Every response — including 404 and 500 errors — carries a full set of security headers automatically. There is no configuration step and no way to accidentally omit them:

HeaderValue
X-Content-Type-Optionsnosniff
X-Frame-OptionsDENY
Referrer-Policystrict-origin-when-cross-origin
Permissions-Policycamera=(), microphone=(), geolocation=()
Cross-Origin-Opener-Policysame-origin
Cross-Origin-Resource-Policysame-origin

These headers are applied automatically — no configuration needed.

Browser support

Pulse ships modern JavaScript and CSS without transpilation or polyfills. The effective minimum is set by two features:

ConstraintChromeFirefoxSafariEdgeSince
?. optional chaining (JS)807413.180Feb – Mar 2020
gap on flexbox (CSS)846314.184Aug 2020 – Apr 2021

In practice, Safari 14.1 (April 2021) is the combined floor — browsers released after that date support everything Pulse uses. This covers roughly 95%+ of global traffic.

No explicit target is set in the esbuild config, so syntax ships as written.

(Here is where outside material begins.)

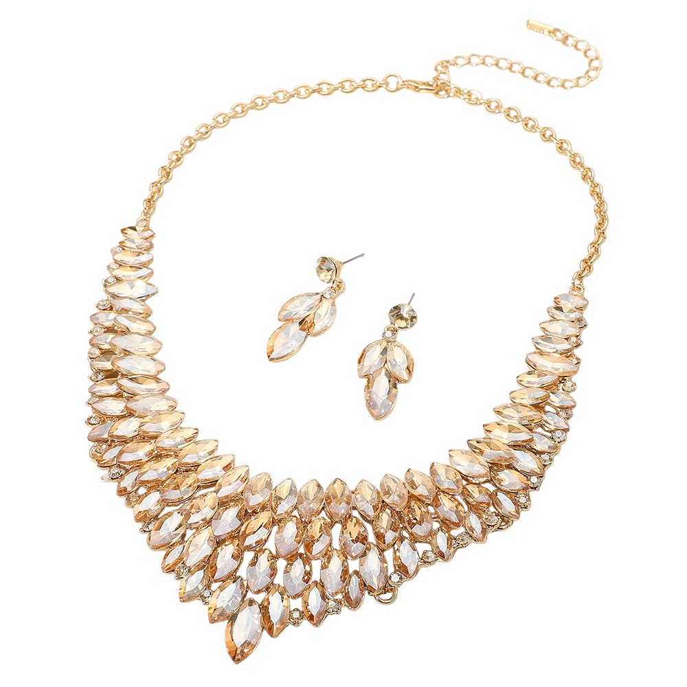 • Shine with elegance in this sparkling crystal necklace and earrings set, designed with a bold layered style for maximum impact. Perfect for weddings, parties, and special occasions, this statement jewelry set adds sophistication and glamour, making it a stunning gift for fashion enthusiasts.

If you need to support older browsers, set target in scripts/build.js and esbuild will downcompile optional chaining and other modern syntax automatically.

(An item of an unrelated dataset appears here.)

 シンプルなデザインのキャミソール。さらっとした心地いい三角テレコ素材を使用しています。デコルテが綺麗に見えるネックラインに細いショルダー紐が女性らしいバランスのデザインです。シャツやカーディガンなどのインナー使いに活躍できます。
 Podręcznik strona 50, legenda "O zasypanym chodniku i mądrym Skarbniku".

Preventing layout shift (CLS)

Pulse targets 0.00 CLS. Layout shift is caused by elements that change size or position after the initial paint. These rules prevent it:

  • Always set width and height on images (use the img() helper)
  • Never inject content above existing content after page load
  • Use aspect-ratio CSS for embeds (videos, iframes)
  • Avoid loading web fonts that cause FOUT — use font-display: swap or system fonts

Optimising LCP

LCP (Largest Contentful Paint) is typically your hero image or largest heading. Tips:

  • Use priority: true on the LCP image — sets fetchpriority="high" and loading="eager"
  • Avoid blocking server fetches — use stream so the shell renders without waiting for data
  • Keep your hero HTML inline (SSR) — never rely on client JS to render the LCP element
  • Use modern image formats (AVIF, WebP) via the picture() helper
Never render your LCP element (hero image, main heading) client-side. If it requires a client JS import or a dynamic import, it will not paint until JS executes — pushing LCP from <100ms to >500ms.